───── Data to examine
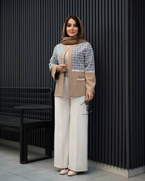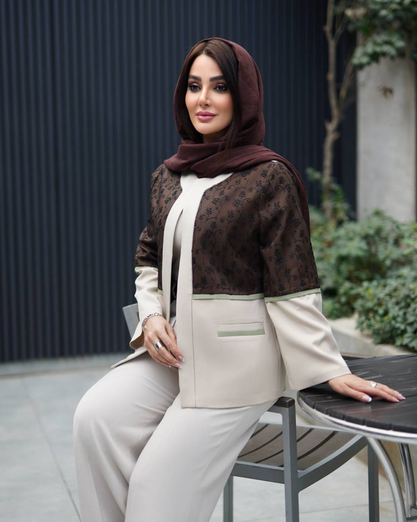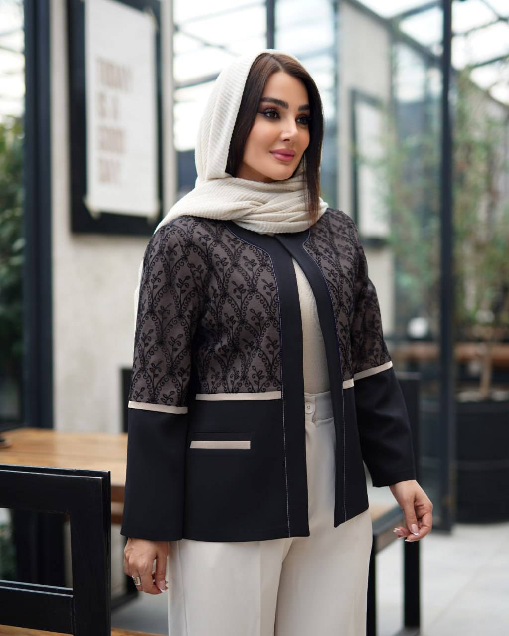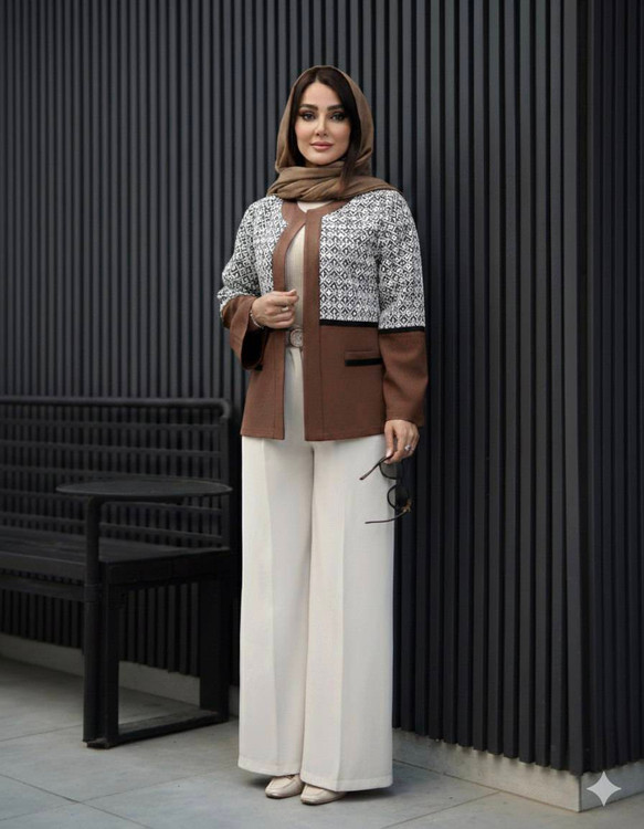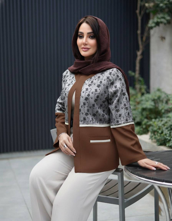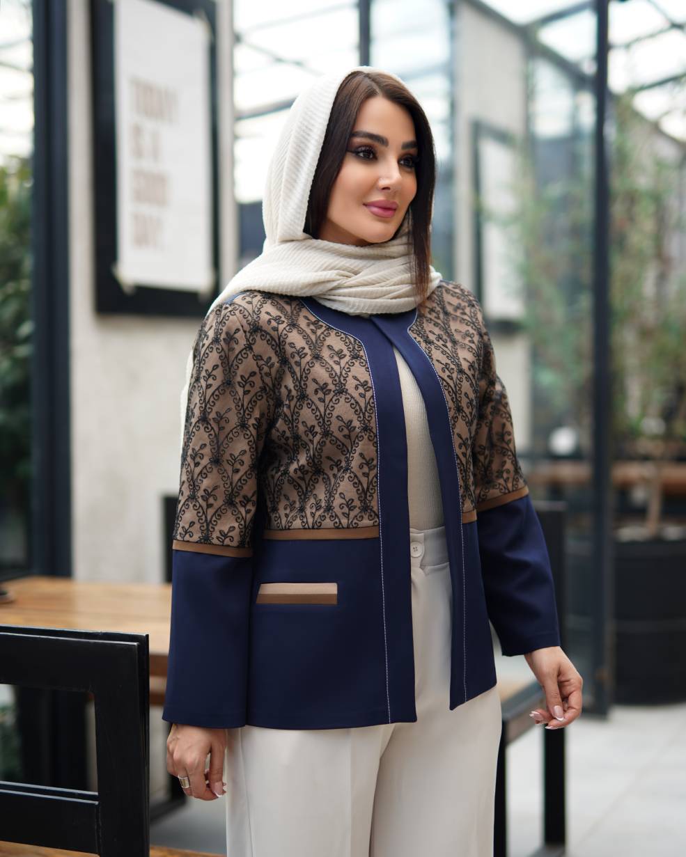 کت یقه گرد عیدانه مازراتی نخ توییست جلوی کار پرشین خورده
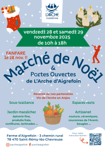 L’Arche d’Aigrefoin vous invite à son traditionnel Marché de Noël & Portes Ouvertes de l’E.S.A.T le VENDREDI 28 et le SAMEDI 29 NOVEMBRE 2025, de 10h à 18h, à la Ferme d’Aigrefoin, située à Saint-Rémy-lès-Chevreuse.
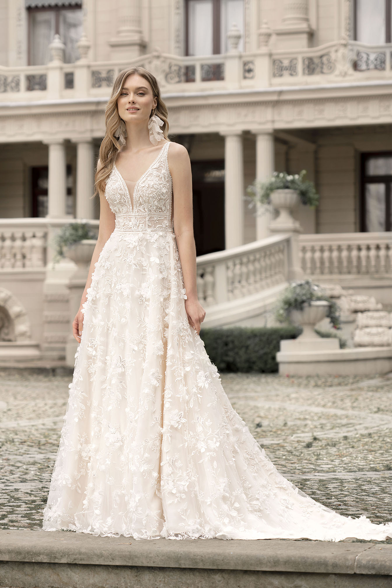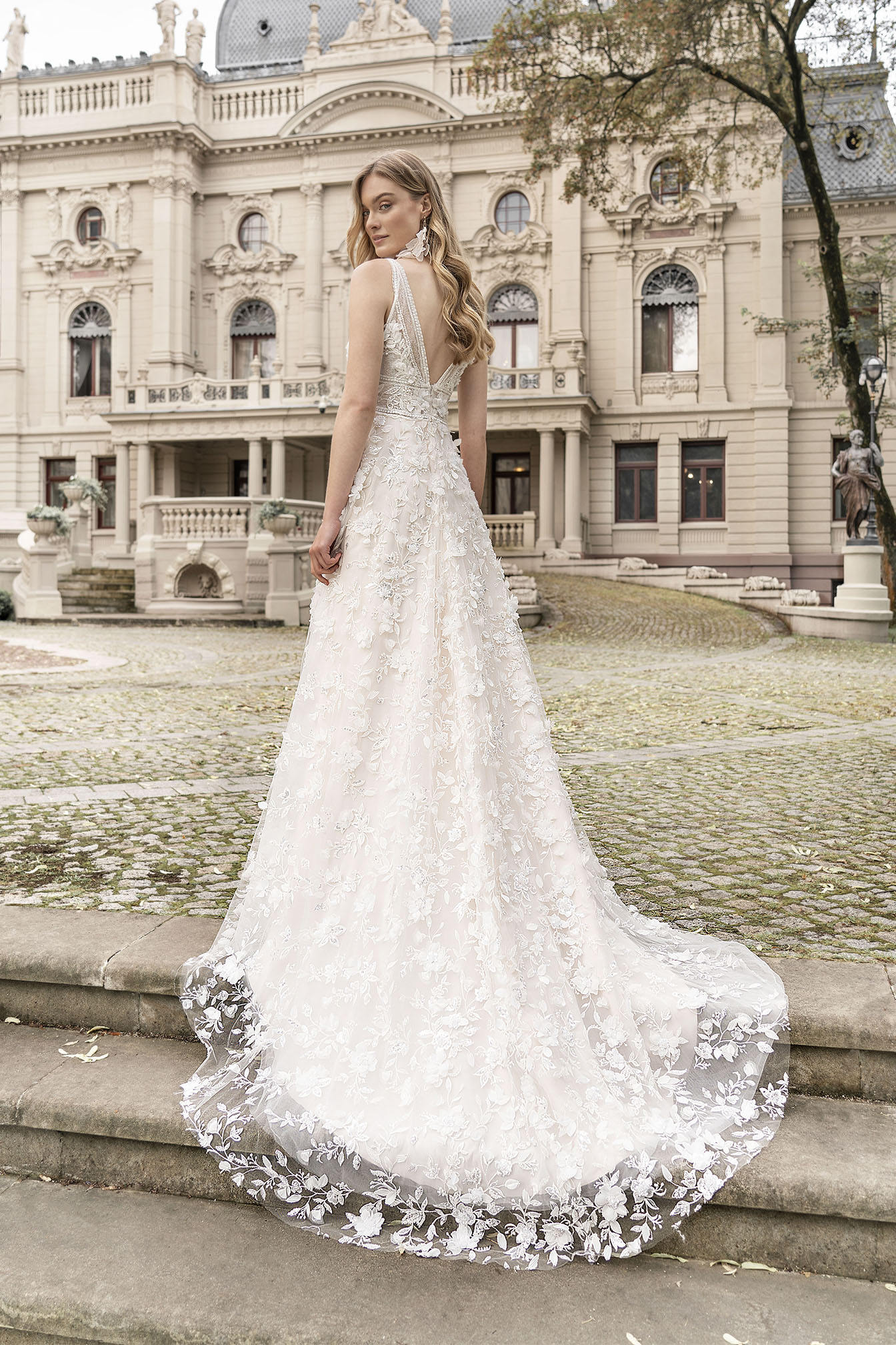 Suknia ślubna w stylu boho na ramiączkach - idealna dla klasycznej panny młodej. Suknia ślubna zdobiona płatkami i kwiatami na całej długości podkreśli Twoje walory i odciągnie uwagę od mniej reprezentatywnych części Twojego ciała. Szerokie ramiączka sprawdzą się idealnie u kobiet z węższą górą, gdyż optycznie lekko porzeszy Twoje ramiona. Suknia ślubna z odkrytymi plecami to idealna propozycja na gorącą atmosferę towarzyszącą w tym wyjątkowym dniu. Elegancka suknia ślubna to propozycja, która nie umknie żadnej pannie młodej.
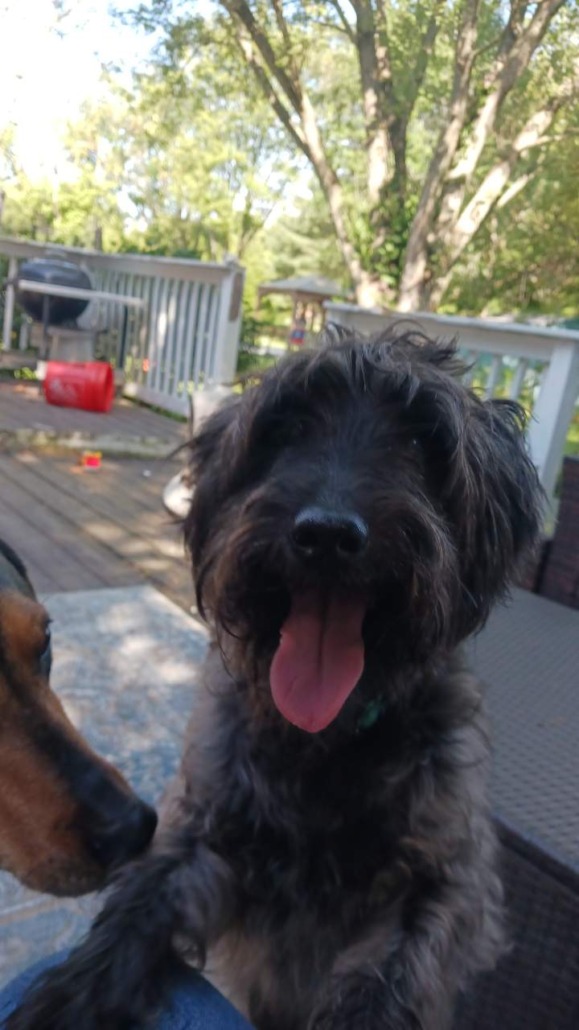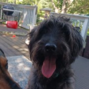 My daughter found this very good boy near 38th and Industrial Blvd. he appears to be a Cairn. Looks to be about ten-12 years old.
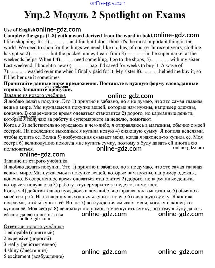 Готовые домашние задания по Английскому языку за 10 класс Учебник Афанасьева, Дули Spotlight 2015 - Spotlight on Exams Module 2 2
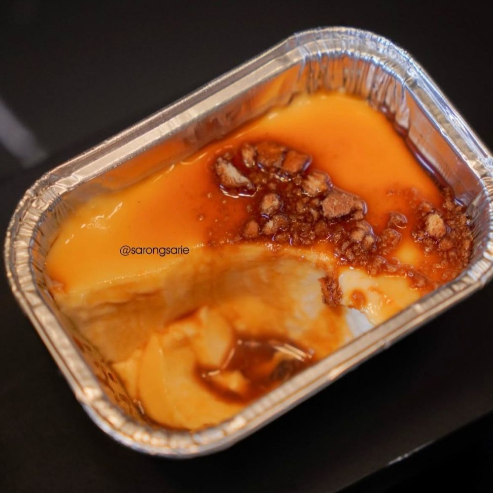 Bagi Anda yang menyukai rasa unik karamel, puding ini adalah pilihan yang tepat. Puding susu lunak dikombinasikan dengan saus gula merah tebal. Biskuit tambahan remah di atasnya memberikan tekstur renyah yang kontras dan menambah kesenangan.
──────────
**What to produce**
Each line from the start of the entries above through the line with "L’Arche d’Aigrefoin vous" should be duplicated exactly, leaving out the pictures.

**Answer below**
 کت یقه گرد عیدانه مازراتی نخ توییست جلوی کار پرشین خورده
 L’Arche d’Aigrefoin vous invite à son traditionnel Marché de Noël & Portes Ouvertes de l’E.S.A.T le VENDREDI 28 et le SAMEDI 29 NOVEMBRE 2025, de 10h à 18h, à la Ferme d’Aigrefoin, située à Saint-Rémy-lès-Chevreuse.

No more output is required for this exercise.